The Numismatic Bibliomania Society



The E-Sylum: Volume 14, Number 29, July 17, 2011, Article 7


John and Nancy Wilson submitted this review of the latest Dave Bowers book from Whitman Publishing. Thanks! -Editor

Collecting Rare Coins For Pleasure And Profit An Insider's Guide To Today's Market, By Q. David Bowers, Foreword By Kenneth Bressett, Whitman Publishing, LLC, 2011, Reviewed By John and Nancy Wilson

Collecting Rare Coins The latest book by Q. David Bowers on Collecting Rare Coins - For Pleasure And Profit, with a Foreword by Kenneth Bressett, is filled with useful information which will help anyone to start collecting or investing in coins. The softcover reference has 138 pages and contains many well done color illustrations of coins, publications and other interesting subjects. We feel Mr. Bowers is one of the greatest numismatists who has ever lived.

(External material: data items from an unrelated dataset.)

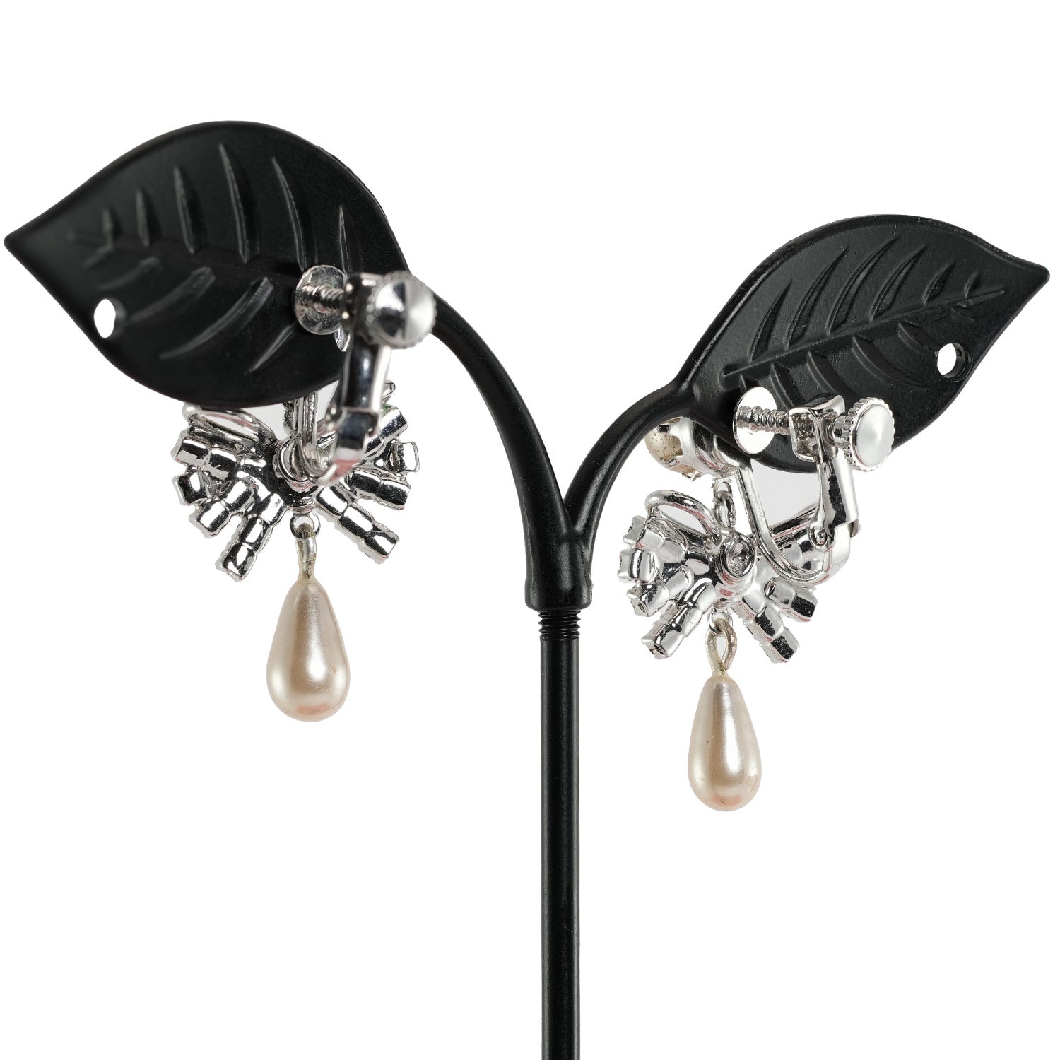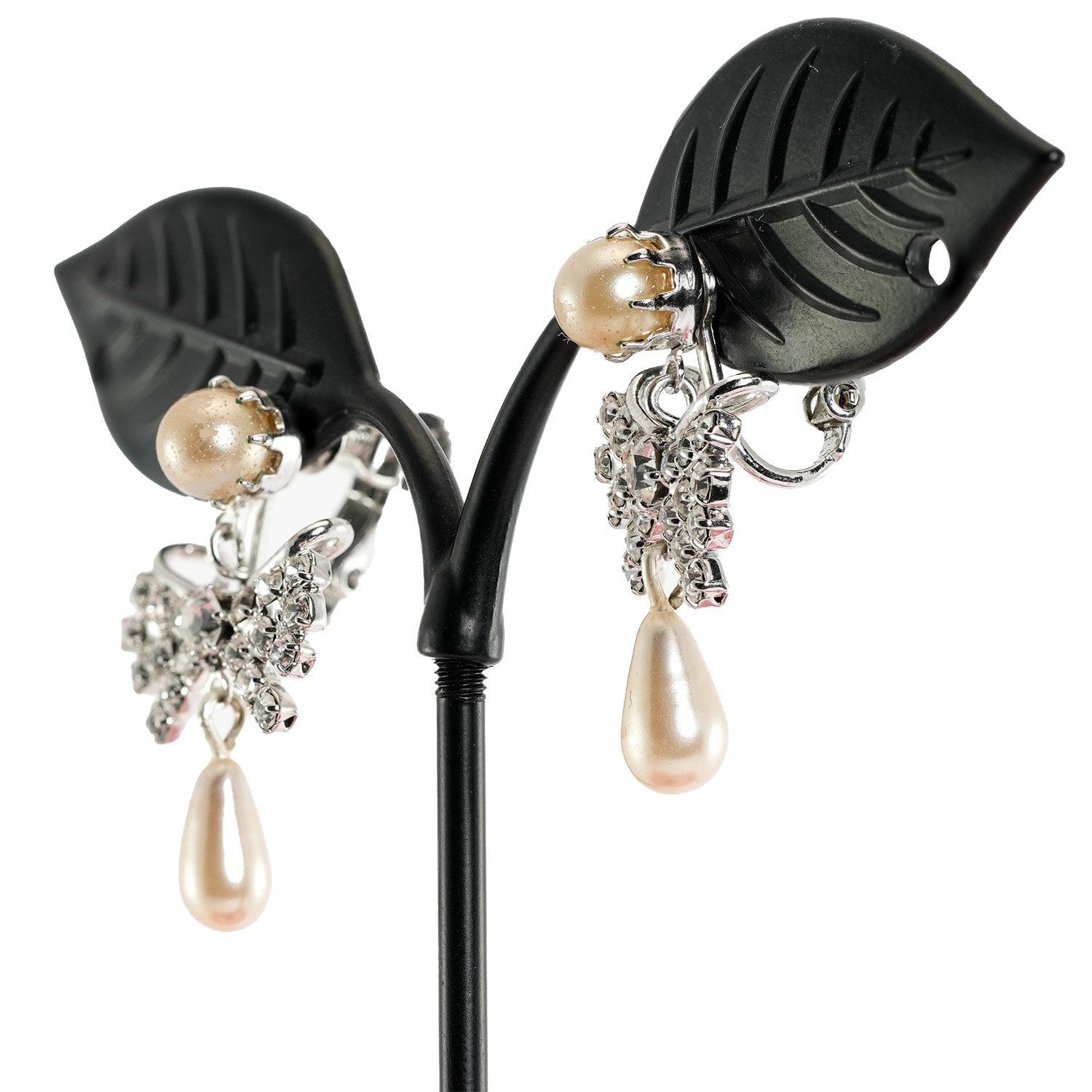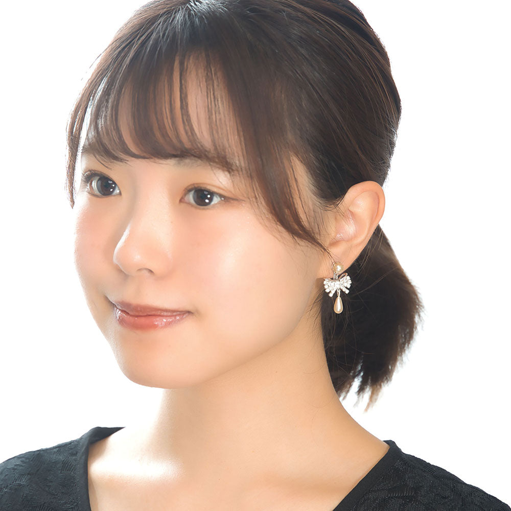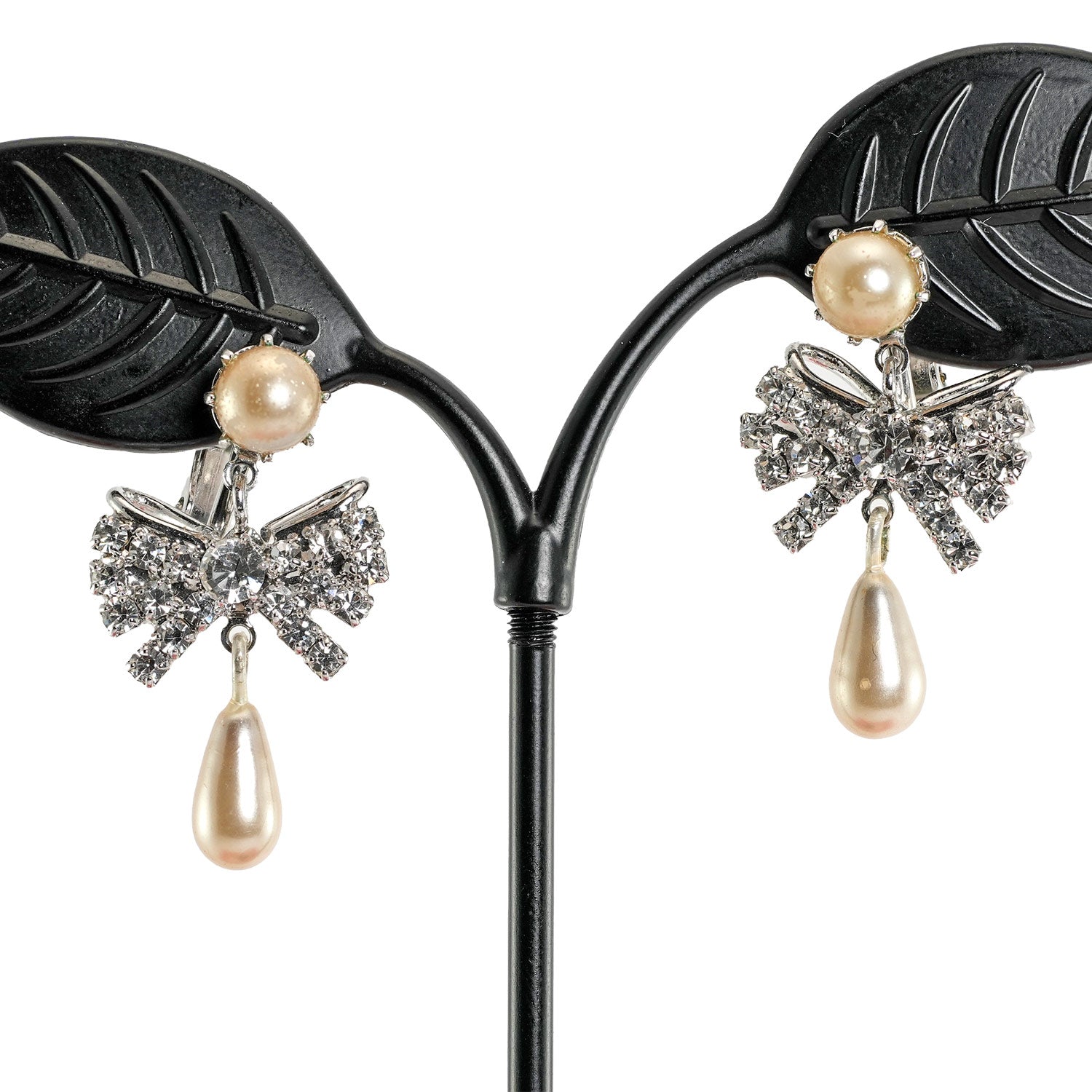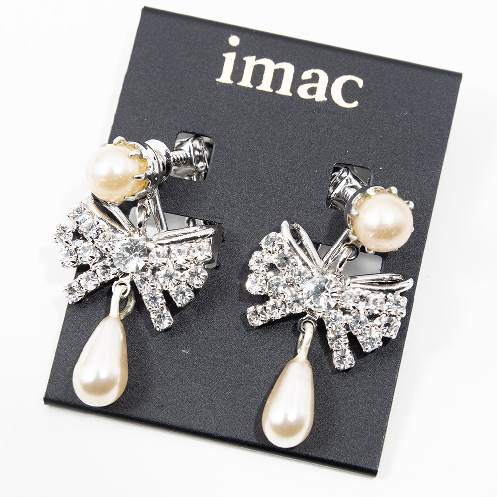 イヤリング ラインストーン パール クリアカラー ホワイト リボン 136164
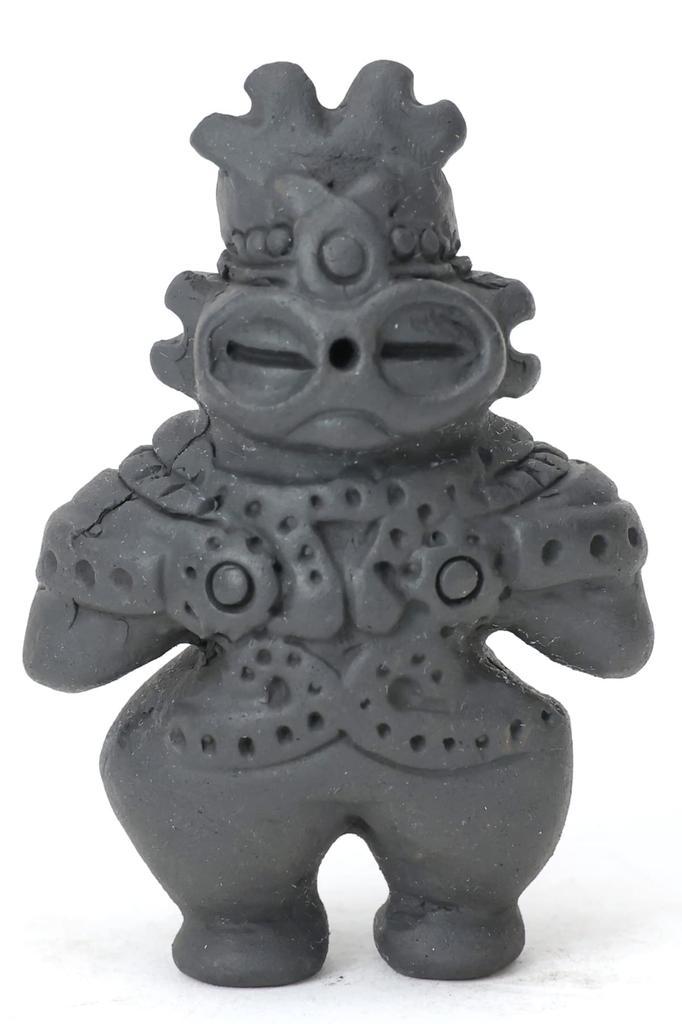 [Это бисквитная глиняная фигурка-реплика, которая является точной копией подлинной глиняной фигурки Дзёмон] 1. Он изготовлен из той же отечественной природной глины, что и в период Дзёмон.. 2. Глину многократно разминают для создания конечного продукта.. 3. Затем из него делают трехмерную фигурку, украшают узорами из глиняной фигурки и полируют до глянцевого блеска.. 4. Глиняная фигурка, которая выглядит как настоящая, изготавливается тем же способом обжига, который использовался в период Дзёмон.
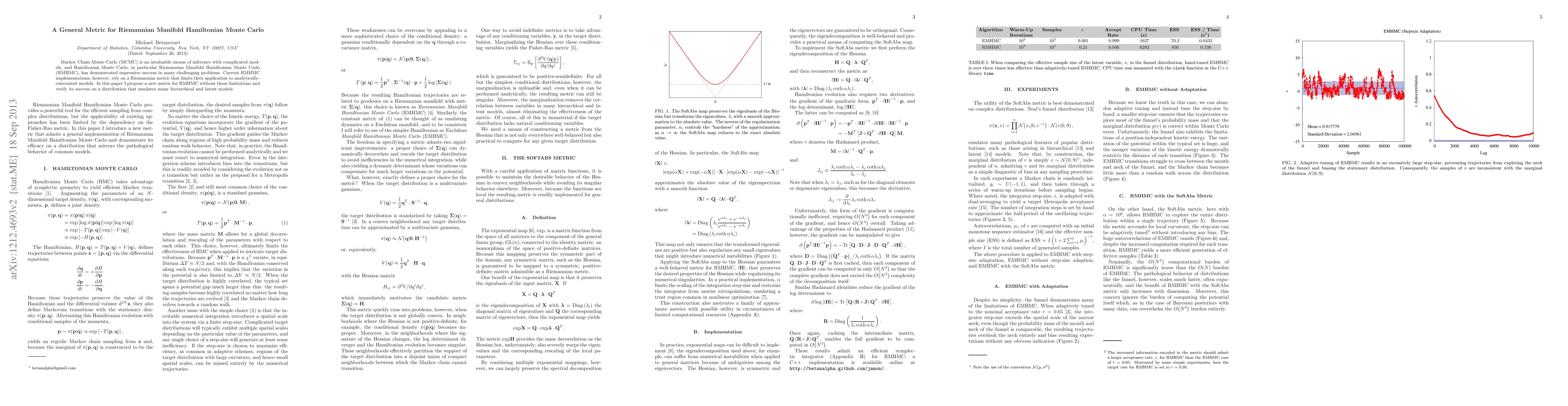 This paper introduces a new general metric for Riemannian Manifold Hamiltonian Monte Carlo (RMHMC) that removes the limitations of current implementations, which rely on analytically-convenient metrics. The proposed metric is validated through its application to a distribution representative of complex hierarchical and latent models.
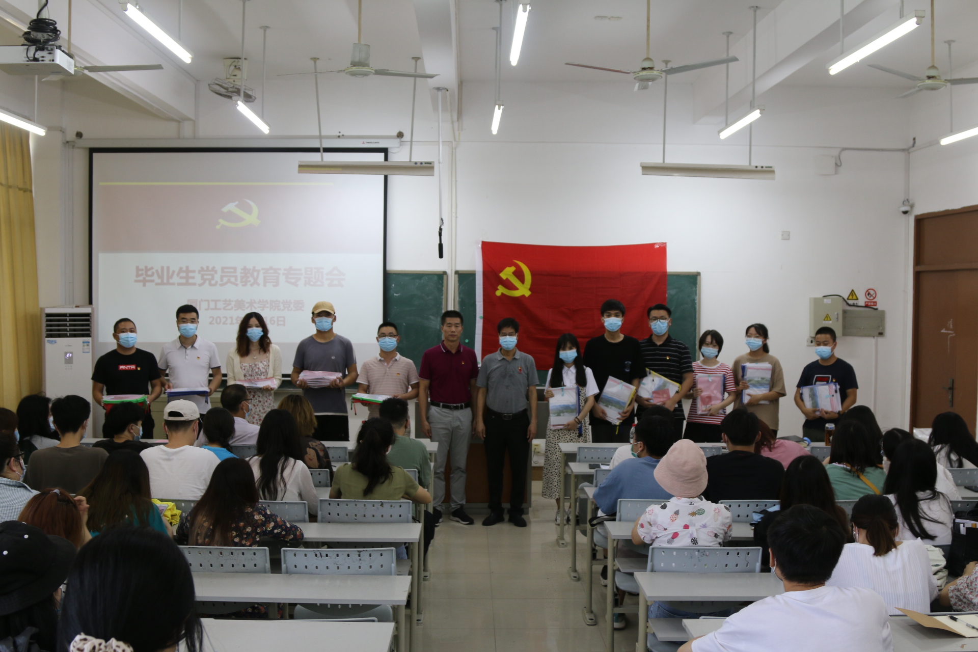 会上,学院党委李礼建书记为毕业生党员发放一份“七一”特别礼物(红色纪念包):一枚党员徽章,一本党章,一份《致毕业生党员的一封信》,一份转移组织关系指导手册,引导毕业生党员进一步增强党员意识,佩戴党员徽章,亮明党员身份,在新的岗位上积极作为,勇于担当,以实际行动为母校争光、为党徽增光。
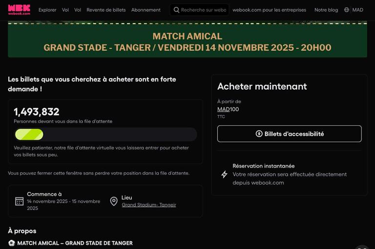وشهدت عملية بيع تذاكر مباراتي المنتخب الوطني المغربي بمدينة طنجة إقبالًا قياسيًا صباح اليوم الجمعة، حيث تجاوز عدد المسجلين في لائحة الانتظار عبر منصة “Webook” والموقع الإلكتروني www.webook.com عند منتصف النهار مليونًا و500 ألف مشجع ينتظرون دورهم لاقتناء التذاكر الخاصة بالمباراة الودية التي ستجمع “الأسود” بمنتخب الموزمبيق يوم 14 نونبر الجاري على أرضية الملعب الكبير بطنجة.
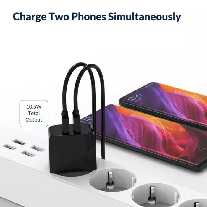 Dubbel 2x Port USB Väggladdare - 2.1A Väggadapter AC Hemladdare Svart
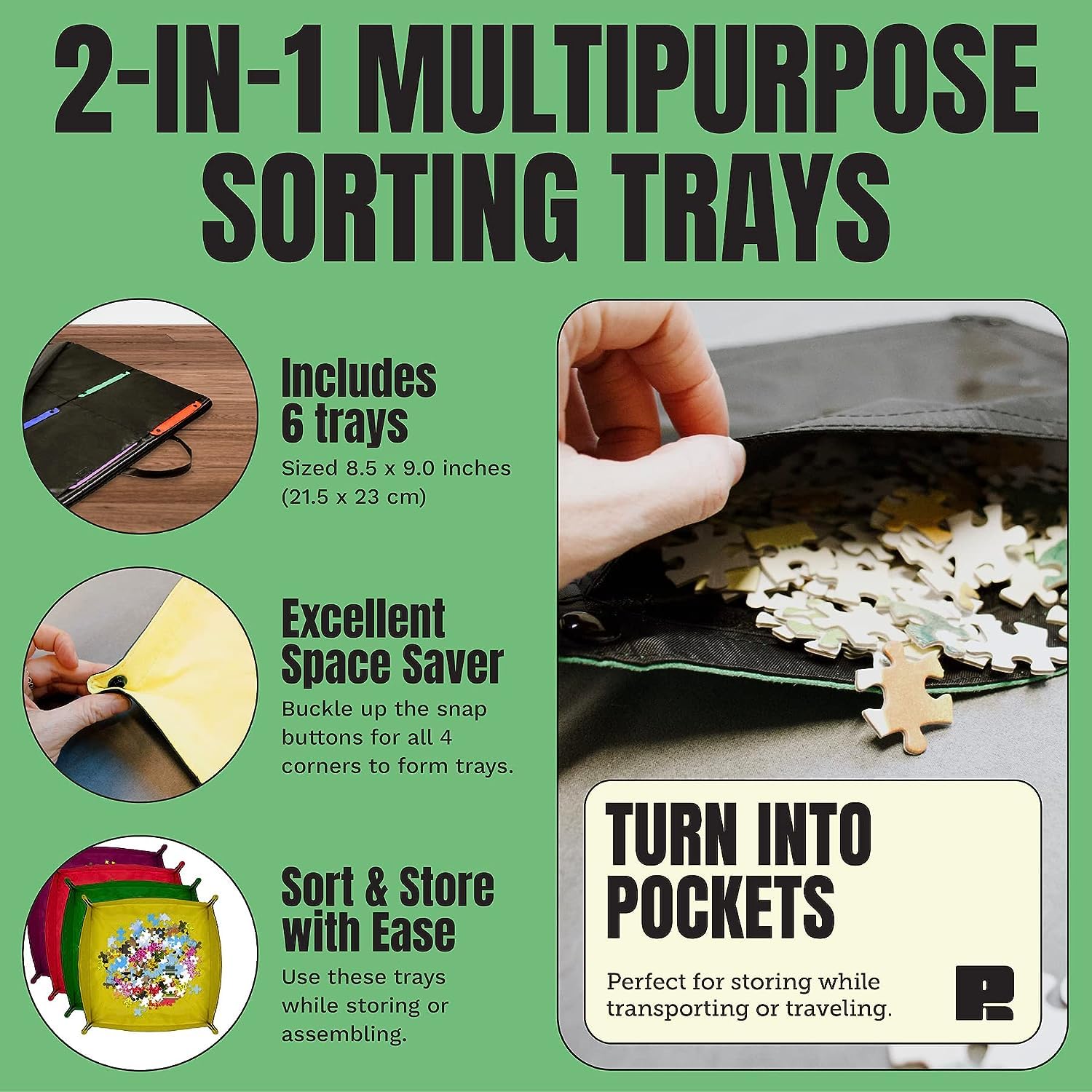 - Designed for Jigsaw Puzzle Lovers: Our Puzzle Board is all in one solution. High-Quality Zipper ensures a Sturdy Closure System, Superior Vegan Leather for stylish look and Long-Lasting, Waterproof Material for safety of your masterpiece, Non-Slip Microsuede workspace and strong Carrying Hndle to move around easily. Also (6) Colorful Puzzle Sorting Trays to sort and hold your jigsaw puzzle pieces.
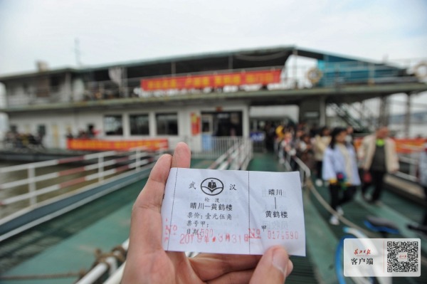 2019年3月31日17时29分,晴川码头,晴川-黄鹤楼航线最后一班轮渡的船票。记者苗剑 摄
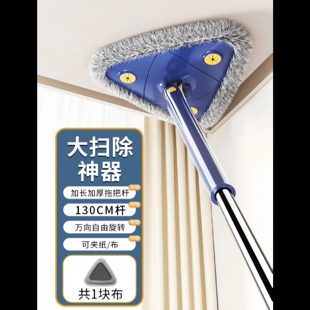 Wandmop met lange steel 360 ° Draaibare driehoekige microvezel wandreinigingsmop, verstelbare droge en natte stofzuigermop voor vloeren
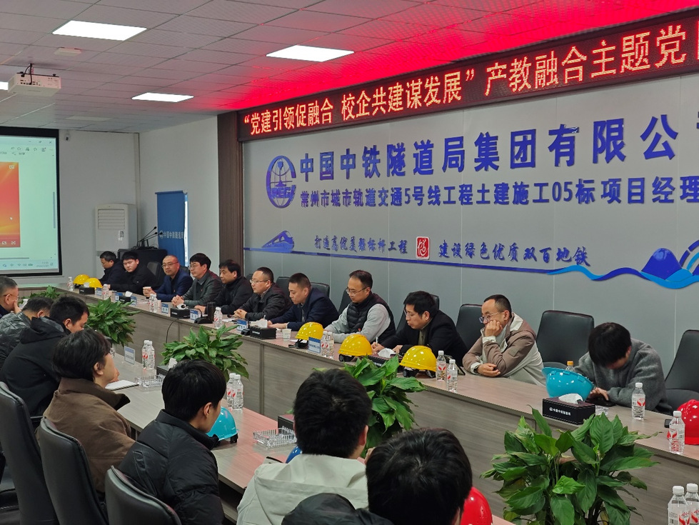 活动伊始,全体人员在中铁隧道局集团常州地铁5号线05标项目部会议室观看中央党校视频课程片段,深入学习 “十五五” 时期经济社会发展核心要义。顾坚勉励学生将专业学习与工程实践紧密结合,扎根产业一线汲取技术经验、厚植工匠精神,以过硬本领服务城市发展、投身国家建设。施工单位技术负责人详细介绍了地铁5 号线土建施工概况与核心技术难点,安全负责人开展现场参观安全交底,明确现场学习的安全规范与注意事项。学院教师代表还与建设、监理、施工各方围绕行业前沿技术、校企协同发展、人才共育展开深度研讨。
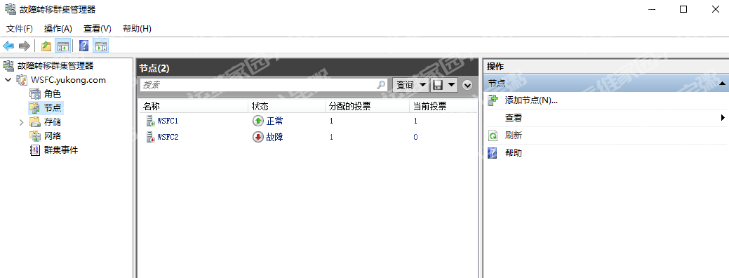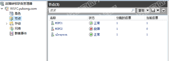 然后就可以看到之前创建的集群了,WSFC2故障是因为开的虚拟机太多,关掉了
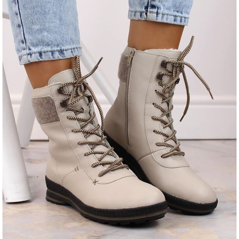Botas cómodas de piel con aislamiento Rieker W RKR614, beige

The Foreword by Ken Bressett contains some important information. Quoting two things from the Foreword that we particularly liked. Quoting, "Will simply reading this text automatically make you an expert ready to avoid pitfalls, false starts, or adverse purchases? Of course not. It will put you on track, however, and point you in the right direction." The six tips by Mr. Bressett were all excellent and gave terrific information. We especially like No. 5, "Buy the best coins you can afford, but be cautious of coins that may be overpriced because of "grade rarity" or market hype." We have always bought the best condition item we could afford. Over the years, the high grade items we purchased have soared in price more than lower grade items we could have bought.

The ten Chapters that follow start out with, "Welcome to Coin Collecting." It includes, "There is no substitute for knowledge when you buy coins." Early on in our collecting, we always followed Aaron Feldman's quote - buy the book before the coin.

The Second Chapter gives you information on "Early Popularity of Rare Coins." You learn that before 1800 there was little activity in numismatics and only a few dozen people were active in the hobby. The information on some of the early collectors is fascinating reading. You will also learn who the first professional numismatist in the United States was. This chapter also covers "The Mint Cabinet" which opened at the Philadelphia Mint in 1838. "The Excitement of 1857," will explain the Act of February 21, 1857 which abolished the copper half cent and cent. Another important part in this chapter is the formation of "The American Numismatic Society (ANS)" in 1858, by teenager Augustus B. Sage. "The Market Expands" gives you information on Philadelphia dealer William K. Idler.

Another important person who is covered is Mint Director James Ross Snowden. Mr. Bowers covers nicely the importance of Mr. Snowden and his issuance of many pattern coins that are avidly sought today. "The American Civil War" lets you know how our coinage was hoarded and other coins of necessity made their appearance. These coins of necessity from the Civil War are numismatic items we avidly have collected for many years. "The American Journal Of Numismatics" was the first regularly issued coin magazine which started in 1866. "The Incredible 1880s" covers the great expansion of coin dealers and auction houses and closes out with "Coin Collecting In The 1890s." The American Numismatic Association (ANA) is also covered and was formed in 1891.

Chapter Three covers "The 20th-Century Coin Market." According to the book, as this century was entered, we find that privately issued tokens, colonial coins, and encased postage had become very popular and not many collectors collected varieties or branch mint coins from any U. S. coin series. In 1907 the High Relief gold double eagle was minted and is very interesting reading. The "Unbelievable Depression Years" gives some insight into President Roosevelt's order in 1933 for citizens to turn in their gold coins. The 1930s also saw J. K. Post issue the first penny boards, and B. Max Mehl heavily advertise his "Star Rare Coin Encyclopedia."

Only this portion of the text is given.